## Task requirements
Take the lines in the listing below from the line with "Neben den vielen" up to and including the line with "Main Features comparison" and set them down exactly, skipping pictures and adding nothing.

## Available data

------------

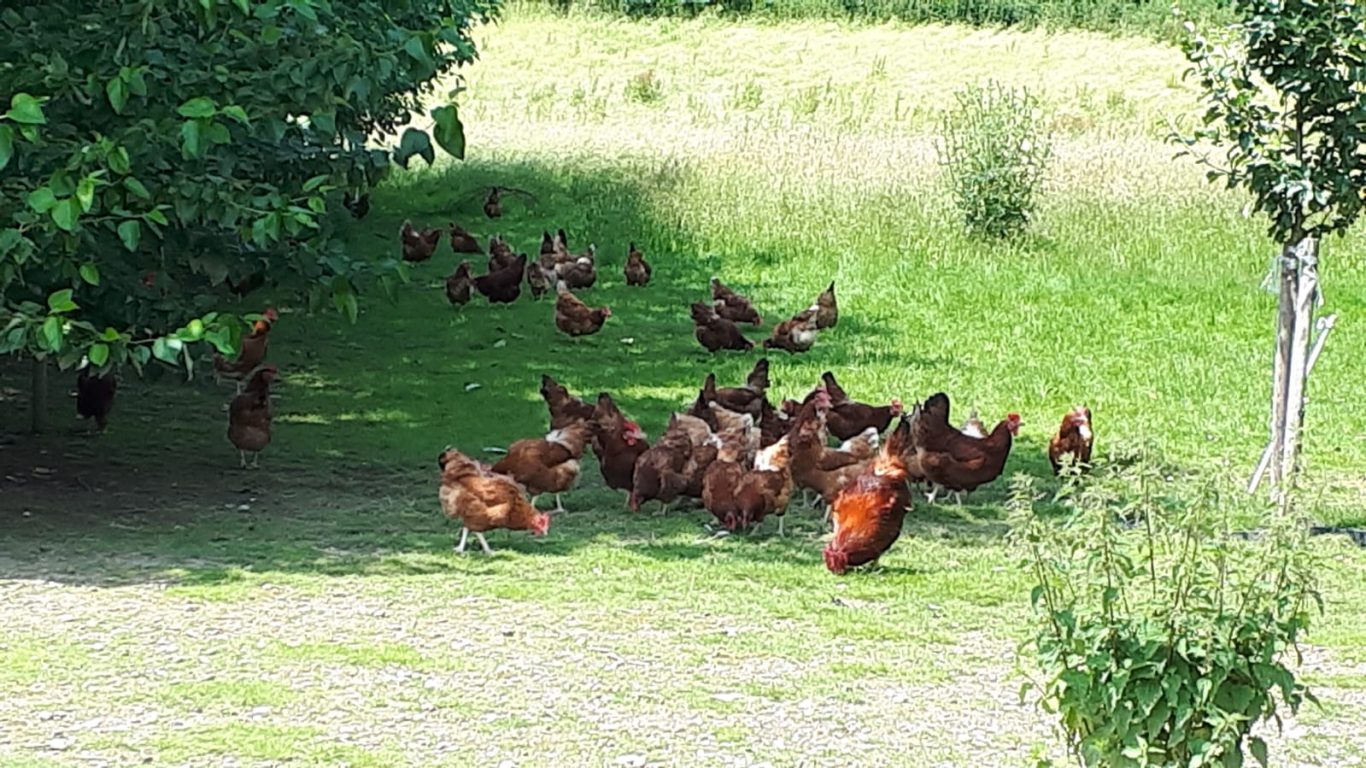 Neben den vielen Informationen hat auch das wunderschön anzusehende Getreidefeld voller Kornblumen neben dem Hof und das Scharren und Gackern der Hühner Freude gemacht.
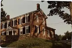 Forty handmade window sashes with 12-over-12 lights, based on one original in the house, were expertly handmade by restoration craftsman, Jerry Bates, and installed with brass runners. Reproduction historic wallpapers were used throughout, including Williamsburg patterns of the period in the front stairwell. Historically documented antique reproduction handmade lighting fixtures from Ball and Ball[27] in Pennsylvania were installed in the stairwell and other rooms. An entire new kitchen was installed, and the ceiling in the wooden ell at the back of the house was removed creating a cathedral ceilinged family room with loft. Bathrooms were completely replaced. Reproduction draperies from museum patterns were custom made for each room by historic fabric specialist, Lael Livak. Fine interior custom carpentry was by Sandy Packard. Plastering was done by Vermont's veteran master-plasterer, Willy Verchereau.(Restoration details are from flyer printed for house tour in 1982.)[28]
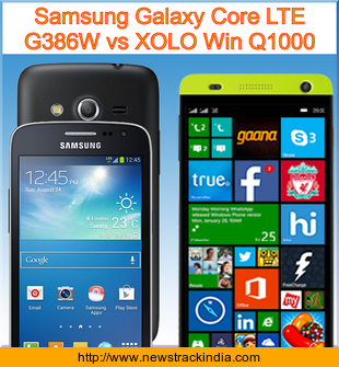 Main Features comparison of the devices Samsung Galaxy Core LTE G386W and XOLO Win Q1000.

------------

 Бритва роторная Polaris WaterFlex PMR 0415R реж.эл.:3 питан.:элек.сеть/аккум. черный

------------

## Response to the exercise
 Neben den vielen Informationen hat auch das wunderschön anzusehende Getreidefeld voller Kornblumen neben dem Hof und das Scharren und Gackern der Hühner Freude gemacht.
 Forty handmade window sashes with 12-over-12 lights, based on one original in the house, were expertly handmade by restoration craftsman, Jerry Bates, and installed with brass runners. Reproduction historic wallpapers were used throughout, including Williamsburg patterns of the period in the front stairwell. Historically documented antique reproduction handmade lighting fixtures from Ball and Ball[27] in Pennsylvania were installed in the stairwell and other rooms. An entire new kitchen was installed, and the ceiling in the wooden ell at the back of the house was removed creating a cathedral ceilinged family room with loft. Bathrooms were completely replaced. Reproduction draperies from museum patterns were custom made for each room by historic fabric specialist, Lael Livak. Fine interior custom carpentry was by Sandy Packard. Plastering was done by Vermont's veteran master-plasterer, Willy Verchereau.(Restoration details are from flyer printed for house tour in 1982.)[28]
 Main Features comparison of the devices Samsung Galaxy Core LTE G386W and XOLO Win Q1000.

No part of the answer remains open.